I spent much of the first months of 2020 driving around America, before spending almost every day of the next 10 sitting right here. The occasion was a reunion tour with a singer-songwriter I accompanied through the 1990s and into the early 21st century, the artist formerly known as John Wesley Harding and now by his own name, Wesley Stace. As my Twitter bio says, “L.A. Times TV Critic. Sometime sideman.” This was that sometime.
(Note: I also kept up TV criticism during the tour, because that is a thing you can do now, with the Wi-Fi and laptops and smartphones and such, and there is a lot of downtime in these situations.)
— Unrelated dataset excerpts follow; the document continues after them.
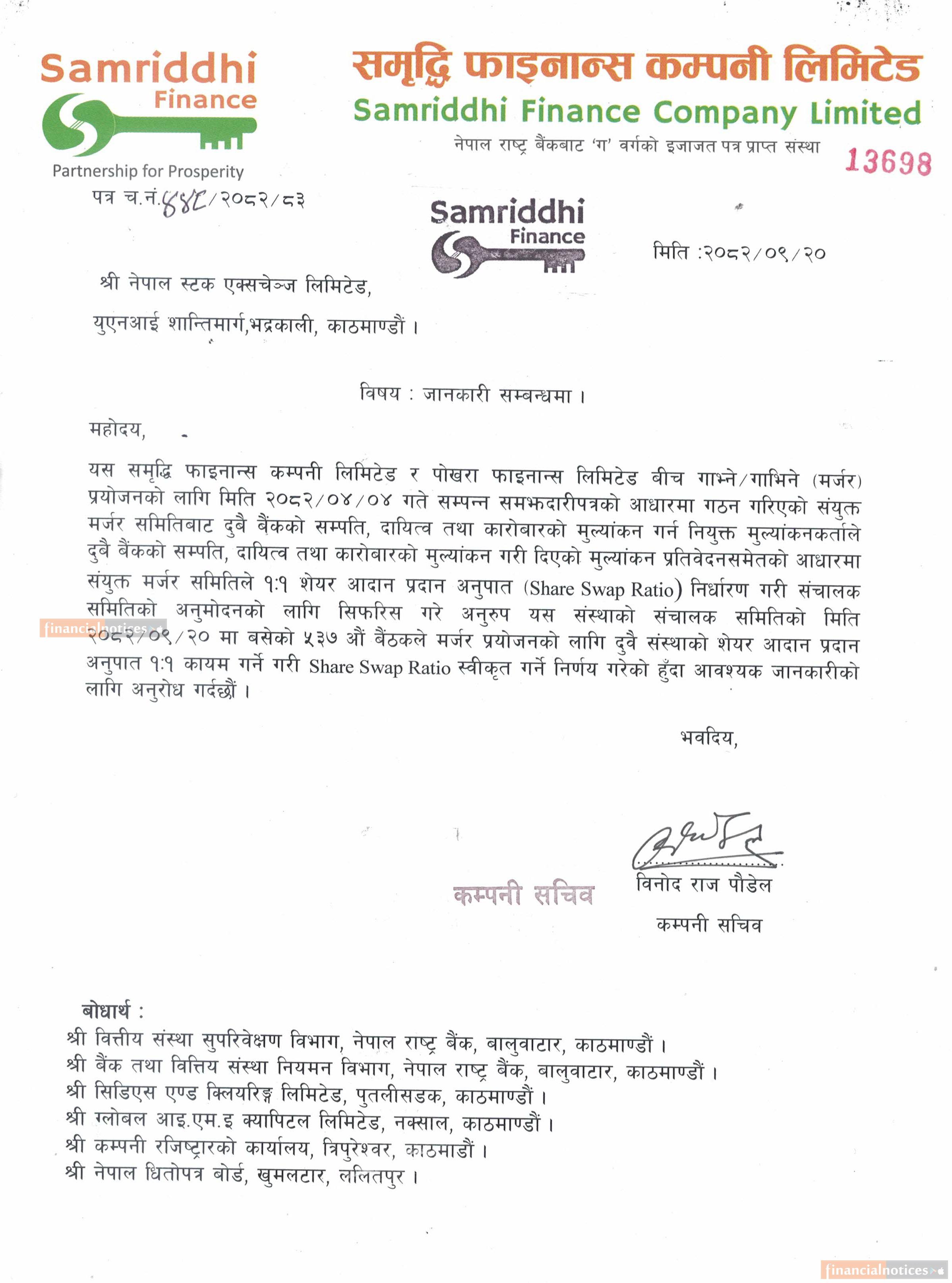 मर्जरपश्चात स्वाप रेसियो बराबर कायम हुने सम्बन्धी सूचना
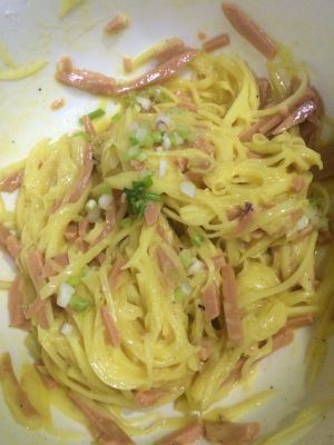 然后加火腿鸡蛋 盐 胡椒 葱
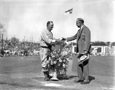 Amon G. Carter, right, shaking hands with Jake Atz, former Fort Worth Panthers baseball team manager, at LaGrave Field in Fort Worth. Atz is seen presenting an arrangement of flowers to Carter. The Texas state flag is seen flying in the background.
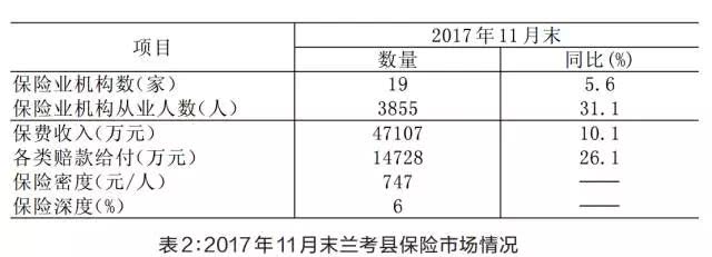 6.保险市场迅速发展,保障效应显著增强。11月末,兰考县保费收入4.7亿元,同比增长10.1%。已实现大病保险对城乡居民全覆盖,困难群众保险对特困人群全覆盖;小额信贷保证保险支持小微企业融资1.9亿元、农户融资6596万元;中原农险承保全县蔬菜大棚5400余亩、畜牧养殖大棚1700余座,提供风险保障3.8亿元;人保财险与华信期货公司合作,签出河南省首单玉米期货区间价格保险。
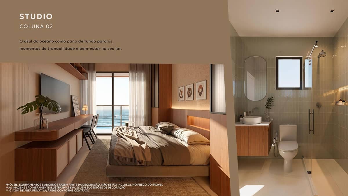 Studio Coluna 02 no Mirantte: desfrute de um espaço compacto e sofisticado com vista para o oceano.
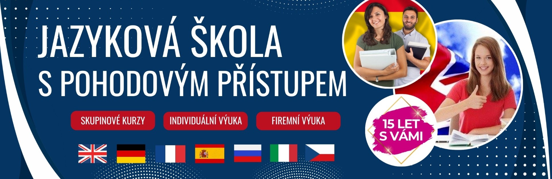 U nás můžete studovat jakýkoli jazyk z naší nabídky níže, a to buď prezenční ( v našich učebnách, v Benešově ) nebo on-line formou, přímo z pohodlí vašeho domova nebo kanceláře. Obsahová náplň vašeho studia je vždy přizpůsobena požadavkům studenta. Díky naším bohatým a dlouholetým zkušenostem s jazykovou výukou dokážeme naučit cizí jazyk každého, i toho největšího "antitalenta"! Nevěříte nebo máte pocit, že vy se snad nikdy jazyk nenaučíte? Tak to pojďte zkusit pro změnu k nám a rozdíl brzy uvidíte sami! Garantujeme vám, že na naše hodiny se budete vždy těšit a rozhodně se nudit nebudete, naopak se budete divit, že hodina je již za vámi!
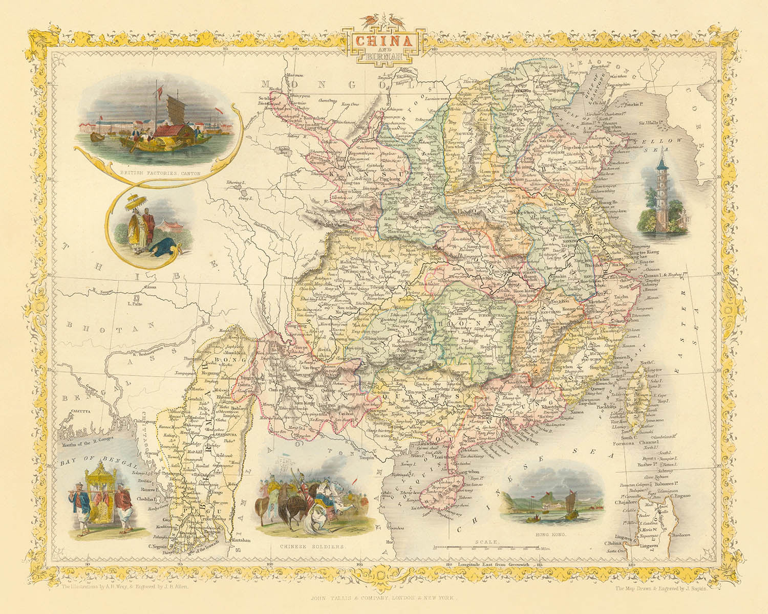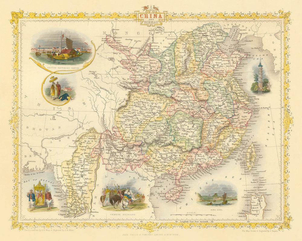 John Tallis, gefeiert als einer der letzten großen dekorativen Kartenmacher, verlieh seinen Werken eine charakteristische Mischung aus Präzision und Kunstfertigkeit. Seine Karten sind bekannt für ihre komplizierten Ränder und eindringlichen Vignetten, und dieses Stück bildet da keine Ausnahme. Hier erweckt Tallis' Hand nicht nur die politischen Grenzen und Provinzen Chinas und Burmas zum Leben, sondern auch das dynamische Zusammenspiel von kolonialer Ambition und einheimischer Tradition. Die dekorativen Vignetten der Karte - wie die geschäftigen britischen Fabriken in Kanton und die panoramische Vogelperspektive von Hongkong - spiegeln den aufblühenden Handel und den kulturellen Austausch zwischen Ost und West wider und bieten einen Einblick in das tägliche Leben und die militärische Präsenz der Region.

It seemed a mad thing to be going out driving in the dead of winter, when there was every chance of sleet and snow to stay us in our appointed rounds. I could tell you stories: New York to Boston, 1996; Cleveland, 2001; Fourth of July Pass, 2002. The nearest I have ever been to death is in a moving vehicle on tour. (On bus tours, trying to sleep in a bunk that would make a coffin feel roomy, I would sometimes think about the old or overweight bus driver, driving overnight, and surrender my fate to the universe.) Yet, except for a few bad hours in Nebraska, crawling along in the tracks of semis as the road disappeared under a blanket of white, we were lucky with the weather — and doubly lucky in that, having not waited for warmer days, we managed to finish the tour just before everything shut down.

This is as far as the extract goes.